What began as a fake cemetery in Davidson family’s yard is now a horror show

Bradford Powell admits his yard sticks out in the neighborhood in an odd way and he credits — or blames — his wife.

For 12 years, Hailey Branyon Powell of Davidson has dedicated herself to finding bigger and better ways to scare their neighbors on Halloween. Lately, this includes stage lighting, recorded humming noises, smoke machines and motorized witches and gravediggers. On some nights, there are people dressed as monsters in the yard, just to spice things up.

It’s not usual to see up to 200 people a night standing in front of the home at 10035 Alabaster Drive in Davidson.

“I like Halloween, but she takes it to a whole different level,” he says. “If it was up to her, she would make Halloween everyday of the year... She starts earlier and earlier each year... So while people go to the pool and hangout in the neighborhood, she makes time to work on her Halloween in the hot dirty garage.”

As for what the neighbors think: “I’m not sure everyone understands the level she takes it to,” he says.

Neighbor Amanda Brierley says the yard is “more of an experience than just a display.”

“Some of the best reactions are probably from the children,” she says. “My daughter, Summer, looks forward to seeing the fog come from Hailey’s house every night... I don’t even know how she comes up with some of the ideas she has.”

Brierley is amazed that all the work is from scratch, by a neighbor who has no background in engineering, mechanics or carpentry.

Hailey Branyon Powell is a hair stylist.

When she started decorating her yard 12 years ago, she didn’t even have kids. Now, she has an 11-year-old son who is close to aging out of trick-or-treating.

“My husband does not help, but he will come outside when I’m in the middle of building something and tell me it looks good,” she says. “I have no expectations from him. We laugh about it. He’s into sports and I’m huge into Halloween. I was like this before I knew him.”

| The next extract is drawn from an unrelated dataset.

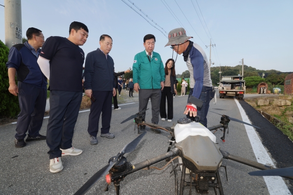 1천442ha 면적을 대상으로 공동방제로 사업비 7억3천700만원을 들여 고품질 생산자재를 광역살포기, 드론을 이용해 살포했다.

She doesn’t have a clear explanation of why she goes all out decorating for Halloween and not for Christmas. However, Powell says her mother and father died four years ago within six weeks of each other, and she needed something to occupy her mind at the time. That’s when she started taking things to the next level.

This year, she added a 20-foot-high by 20-foot-wide abandoned church facade. However, it proved too big, so she cut it to 12-feet-high. Anything scary idea is fair game, she says, except for gory images found in real life. No blood, guts or bodies hanging from trees.

The decorations go up Oct. 1 and come down Nov. 1. She recently started putting out a coffin to collect donated goods for the Cabarrus County Humane Society.

“I do worry sometimes that I’m driving the neighbors nuts, so I turn it all off by 9:30 p.m,” Powell says. “I really enjoy seeing whole families come by, including people from out of town. I’ll see 20 people out there, taking pictures in front of the displays. That’s fuels me.”